Not too long ago, I decided to try connecting to HDInsight using SSIS. One of the Integration Services updates for SQL Server 2016 is Hadoop support. This Hadoop support comes via the Hadoop Connection Manager, which allows for two connection methods: WebHCat and WebHDFS. My preference is WebHDFS, but it appears that we cannot use WebHDFS at all with HDInsight. So that leaves WebHCat.
What Is WebHCat?
WebHCat is a web-based REST API for HCatalog, a management layer for dealing with files in HDFS. If you’re looking for configuration settings for WebHCat, you’ll want generally to look for “templeton” in config files, as Templeton was the project name before WebHCat. In Ambari, you can go to the Hive configs and look at webhcat-site.xml for configuration settings. For WebHCat, the default port in HDInsight is 30111, which you should find in the templeton.port configuration setting.
Connect To Port 30111
Now that we know this, it’s as easy as putting your cluster name into the WebHCat host, putting in the Hadoop user account, and hitting the Test Connection button:
And, if you’re following along at home, prepare to wait about 2 minutes and have it fail.

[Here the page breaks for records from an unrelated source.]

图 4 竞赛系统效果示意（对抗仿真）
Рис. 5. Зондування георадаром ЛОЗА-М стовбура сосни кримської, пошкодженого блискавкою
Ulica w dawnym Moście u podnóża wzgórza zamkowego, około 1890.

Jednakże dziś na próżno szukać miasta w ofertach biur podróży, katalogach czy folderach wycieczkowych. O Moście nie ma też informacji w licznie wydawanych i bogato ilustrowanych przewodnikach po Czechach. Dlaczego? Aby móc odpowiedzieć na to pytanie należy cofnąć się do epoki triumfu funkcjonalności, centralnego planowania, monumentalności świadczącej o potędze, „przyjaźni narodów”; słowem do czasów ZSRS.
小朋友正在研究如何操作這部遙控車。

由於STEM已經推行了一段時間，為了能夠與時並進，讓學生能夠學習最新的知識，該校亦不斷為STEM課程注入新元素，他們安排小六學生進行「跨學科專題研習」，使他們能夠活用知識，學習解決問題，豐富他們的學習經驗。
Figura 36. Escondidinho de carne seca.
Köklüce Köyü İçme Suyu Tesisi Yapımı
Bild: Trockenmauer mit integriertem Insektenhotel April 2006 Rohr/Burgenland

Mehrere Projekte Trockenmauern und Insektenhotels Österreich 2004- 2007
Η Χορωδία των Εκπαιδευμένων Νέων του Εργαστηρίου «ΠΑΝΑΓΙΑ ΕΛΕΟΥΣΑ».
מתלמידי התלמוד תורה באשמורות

It turns out that HDInsight clusters are accessible through port 443 via URL rewrites, which is pretty cool: you always go through SSL connections, and based on the URL you go to, you’ll get forwarded on to the correct service. In practice, this makes it fairly easy to connect to WebHCat via curl.

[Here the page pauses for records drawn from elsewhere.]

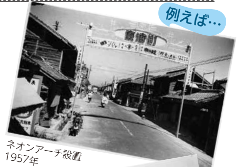
ネオンアーチ設置 1957年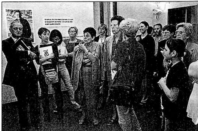
Ascoli Piceno, 2000 - Inaugurazione mostra "Fantaironia".

I ragazzi percepivano subito la forza della sua personalità, lo ascoltavano con trasporto, rispondevano alle sue sollecitazioni con arguzia. I suoi interventi non erano mai scontati: incuriosivano e divertivano. Come ha scritto Marcello Argilli nella prefazione al libro, il Rodari di Ascoli è in stato di grazia, inesauribile, appare come uno straordinario "mercante di sole". "[...] È un uomo che ragiona, scherza, improvvisa con la sa-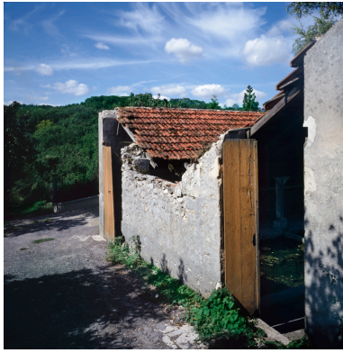
Lavoir : vue depuis la rue. IVR22_19930200953VA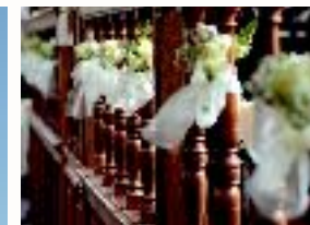
het doophek opgemaakt voor een trouwerij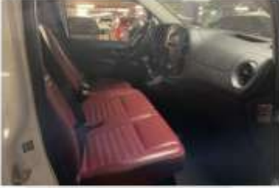
7. Araç içi sağ ön sıra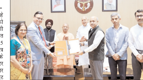
सीएम योगी ने बीईएल को सौंपा 75 हेक्टेयर जमीन का आवंटन पत्र

बीईएल यहां करीब 562.5 करोड़ रुपये का निवेश कर अत्याधुनिक रक्षा निर्माण यूनिट लगाएगा। इस यूनिट में राडार और एयर डिफेंस सिस्टम तैयार किए जाएंगे। इससे 300 से ज्यादा लोगों को सीधे रोजगार मिलेगा, जबकि आसपास के क्षेत्रों में अप्रत्यक्ष रूप से और भी रोजगार के अवसर बनेंगे। सीएम योगी आदित्यनाथ ने कहा कि इस परियोजना से बुंदेलखंड क्षेत्र में औद्योगिक विकास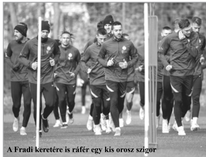
A Fradi keretere is ráfér egy kis orosz szigor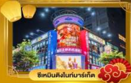
ช้อปปิ้งไนท์มาร์เก็ต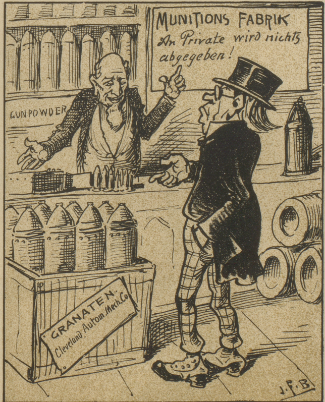
Nutzloser Versuch der Munitionsergänzung oder das wahre Selbstmord-Motiv.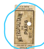
Ticket de métro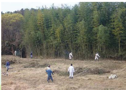
公園候補地での保全作業(上白金生態景協議会)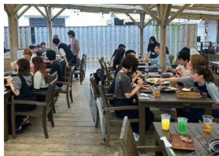
バーベキューでは参加者と企業の担当者が同じテーブルに座り交流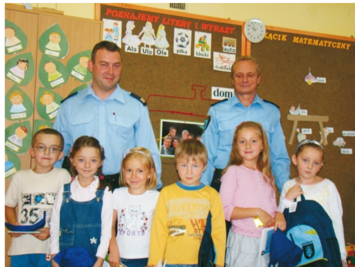
Laureaci konkursu rysunkowego w Zarzeczcu

do kolorowania oraz zawieszki odblaskowej, do noszenia na ubraniu lub tornistrze. Mamy nadzieję, że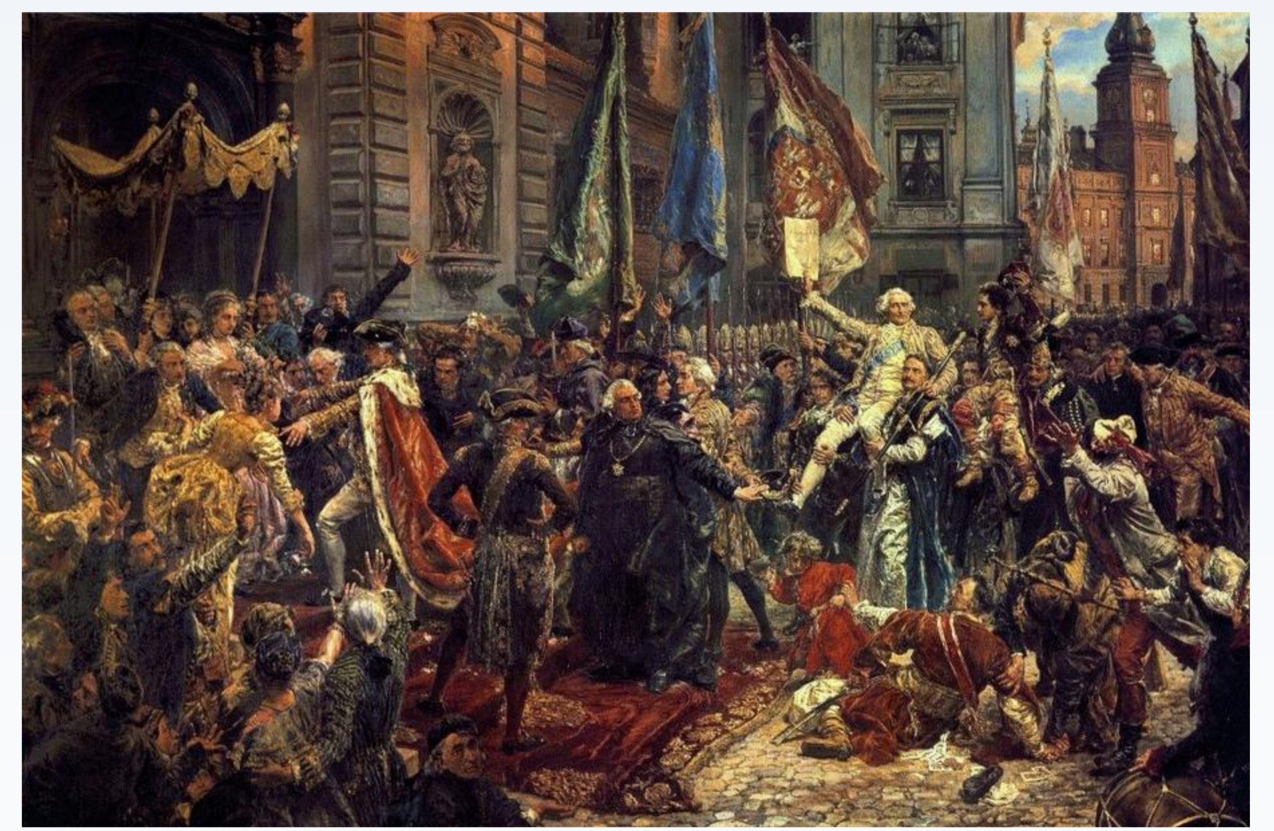
Konstytucja 3 Maja 1791 roku, obraz Jana Matejki 1891

Po uchwaleniu Ustawy Rządowej 3 Maja 1791 roku wiersz przesłany do Warszawy: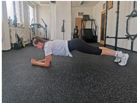
Obrázek 1 Cvik 1 - výchozí pozice.

Poznámka: dolní končetiny nataženy, hlava v prodloužení páteře.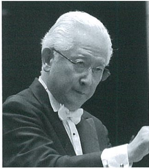
指揮：秋山 和慶 Kazuyoshi Akiyama, conductor

音楽監督・常任指揮者、秋山和慶プロデュースによる〈広響名曲コンサート〉。 名曲の数々を花束にして、あなたとあなたの大切な方へお贈りします。

Given that we need to connect on port 443 via an HTTPS connect (thus SSL), it seems that we should set the WebHCat port to 443 and turn on HTTPS and we’ll be good:
This also failed to connect when I hit Test Connection, giving me a weird System.AggregateException error at that (though I don’t have a screenshot of it). So what do we do now?
Capture Those Packets!
Wireshark is your friend, assuming that you’re allowed to install it in your environment. Make sure of it first; people have been fired for less…
So let’s fire up a packet capture and see what exactly is happening. I’ve removed any IP addresses or other identifiers, as it’s going out to a public IP, but we can easily see what’s going on here.
The red boxes show me trying to connect directly to port 30111 and we can see why we get errors: we’re sending SYN packets (to try to open a connection) but not receiving an ACK (acknowledgement) packet from the server. After a while, we have a connection timeout. Our HDInsight cluster is not listening to public requests on port 30111.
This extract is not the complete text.